#### WORK ITEM:
Would you please return the data below verbatim, without its pictures?

#### GIVEN MATERIAL:

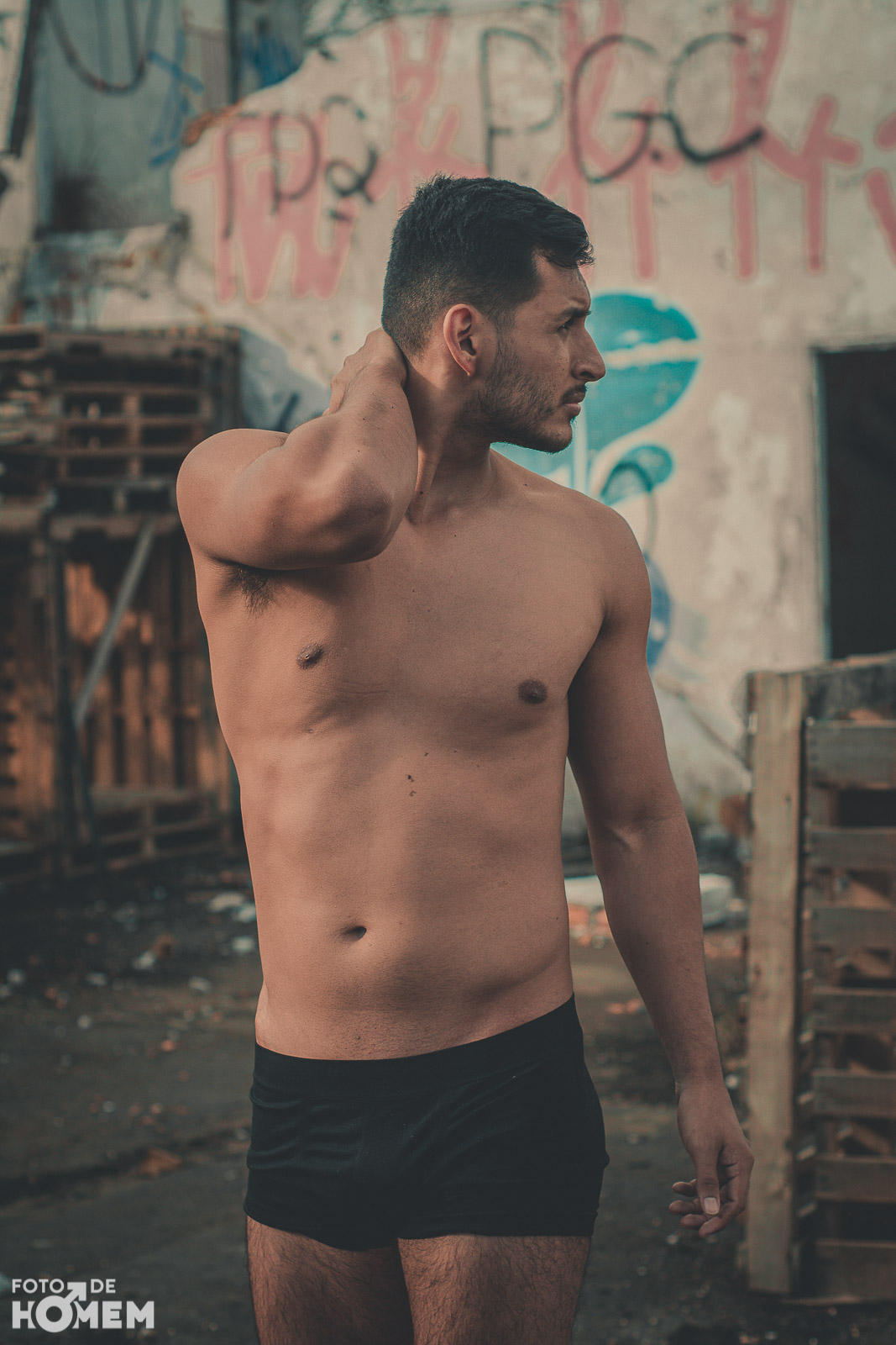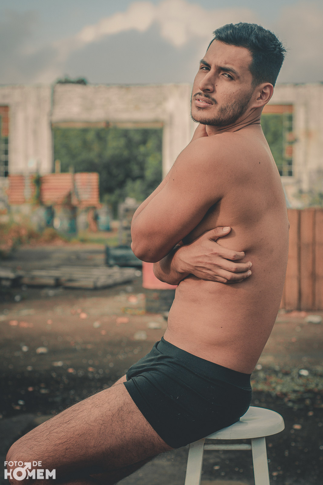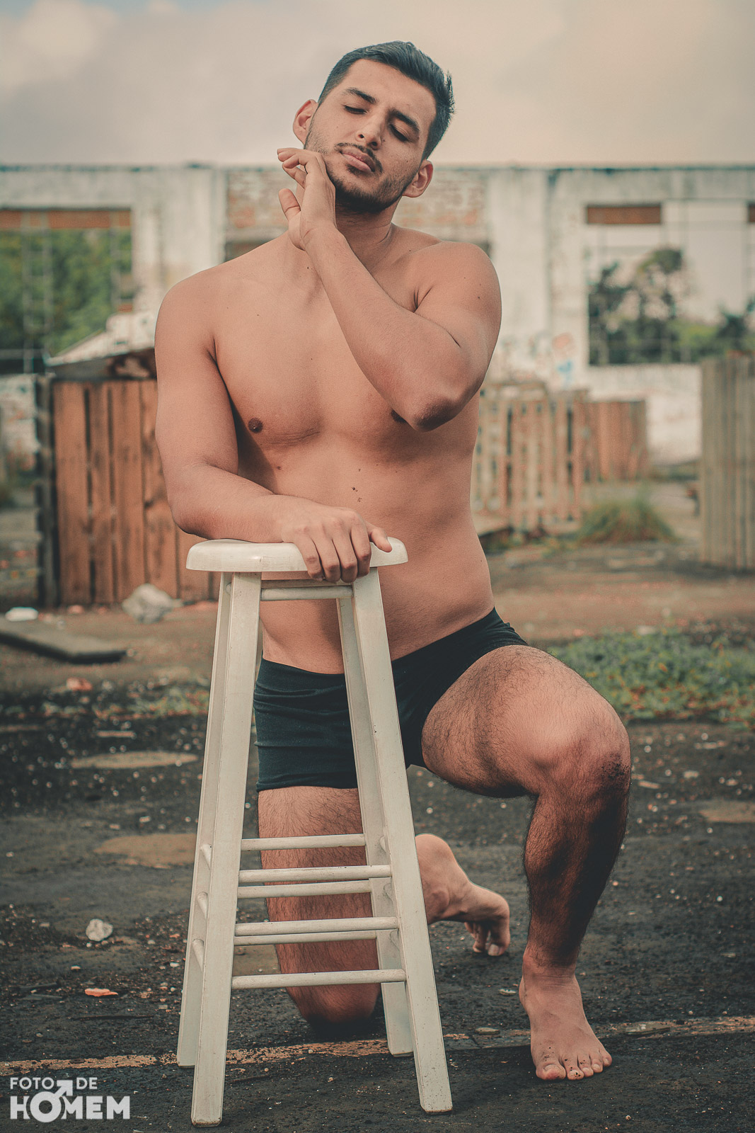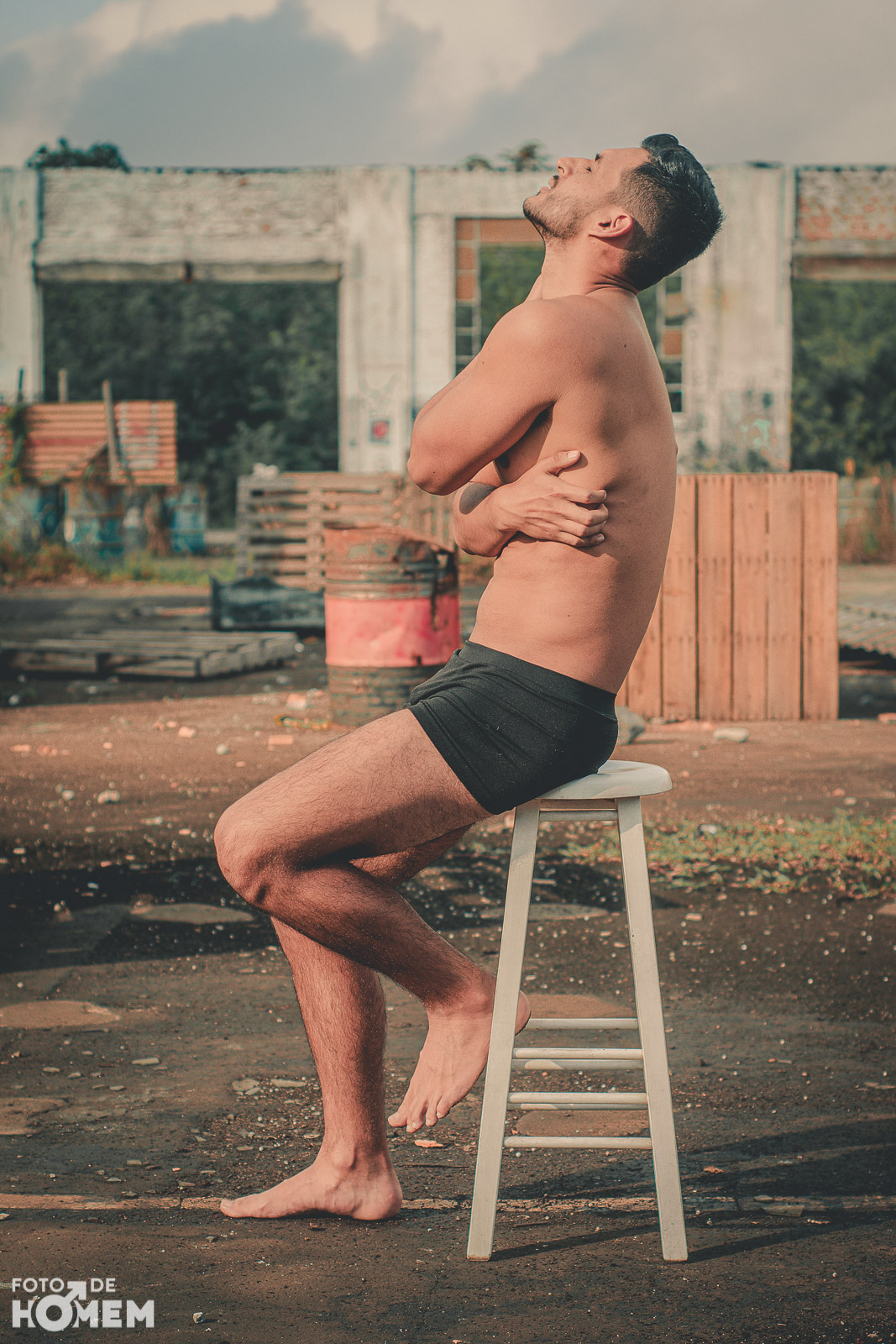 A sessão foi num galpão de uma antiga empresa em Joinville (SC), lugar bastante propício para um ensaio de nu. Caubi gostou bastante de participar de uma sessão para o site. “No início fiquei um pouco nervoso, mas o fotógrafo Eberson foi levando a sessão tranquilamente e me passou bastante segurança”, relata o jovem.
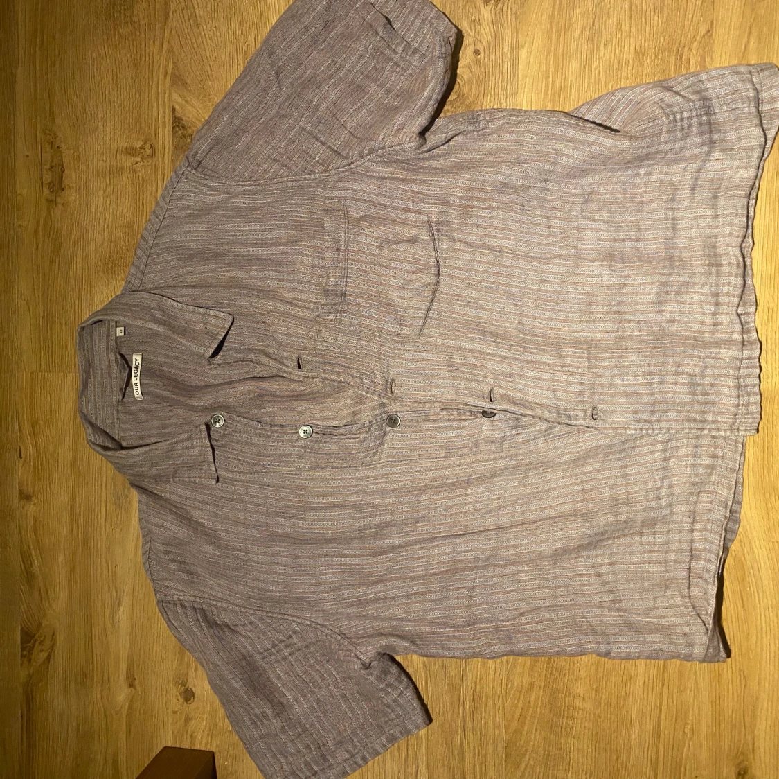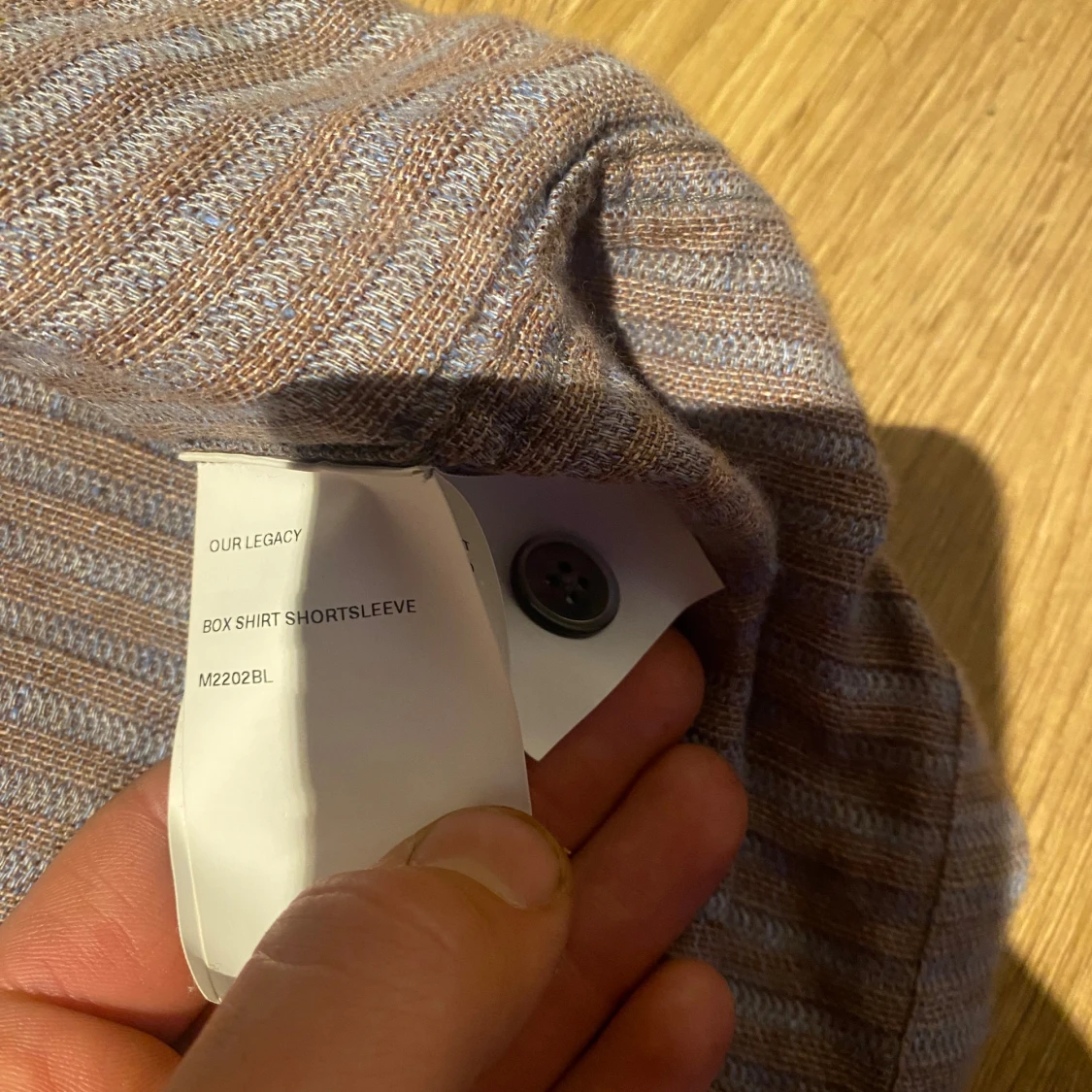 Säljer en snygg och stilren randig skjorta från Our Legacy i storlek 48. Skjortan är kortärmad och har en avslappnad passform med knappar framtill. Perfekt för sommardagar eller en avslappnad kväll ute. Materialet känns lätt och luftigt, vilket gör den idealisk för varmare väder.
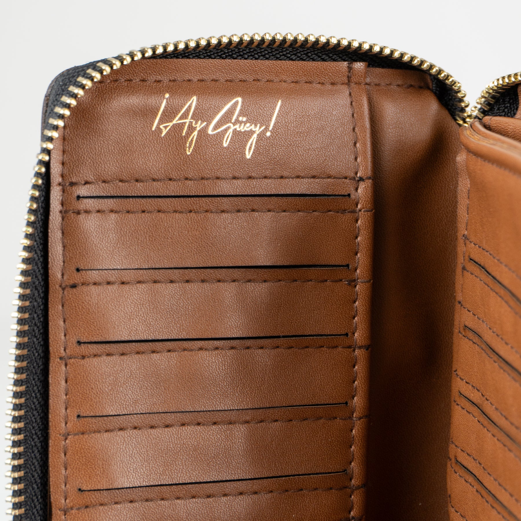 Cartera amplia de dama, con 3 bolsillos, tarjeteros y monedero.
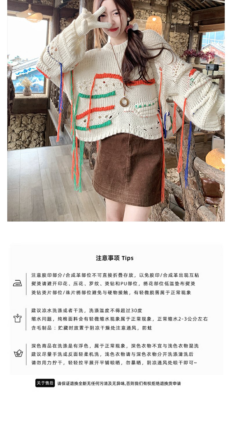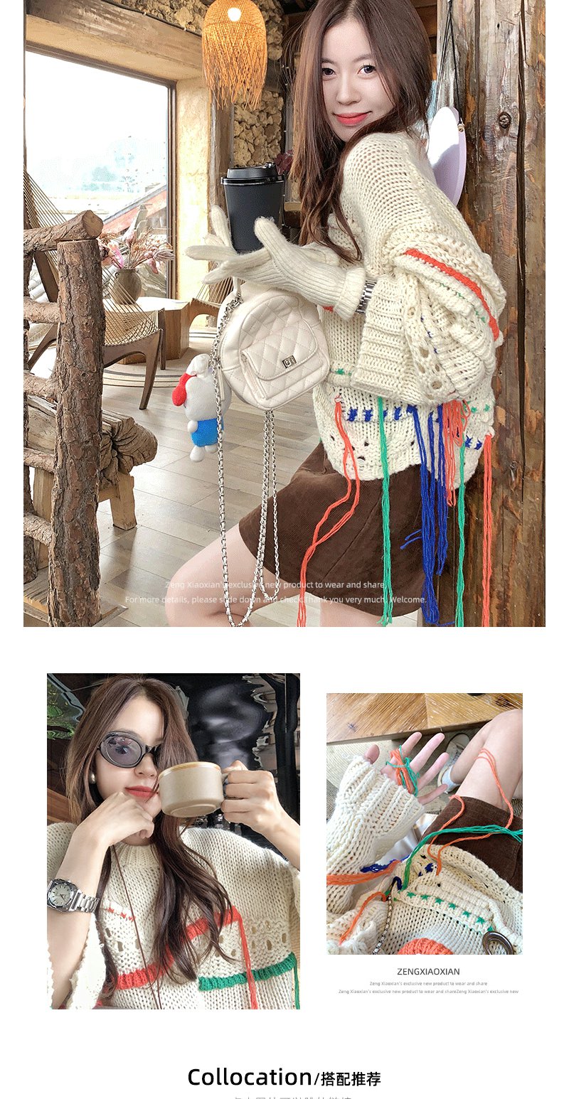 【179元任选2件】现货!韩系氛围感撞色流苏毛衣圆领

#### FINAL ANSWER:
 A sessão foi num galpão de uma antiga empresa em Joinville (SC), lugar bastante propício para um ensaio de nu. Caubi gostou bastante de participar de uma sessão para o site. “No início fiquei um pouco nervoso, mas o fotógrafo Eberson foi levando a sessão tranquilamente e me passou bastante segurança”, relata o jovem.
 Säljer en snygg och stilren randig skjorta från Our Legacy i storlek 48. Skjortan är kortärmad och har en avslappnad passform med knappar framtill. Perfekt för sommardagar eller en avslappnad kväll ute. Materialet känns lätt och luftigt, vilket gör den idealisk för varmare väder.
 Cartera amplia de dama, con 3 bolsillos, tarjeteros y monedero.
 【179元任选2件】现货!韩系氛围感撞色流苏毛衣圆领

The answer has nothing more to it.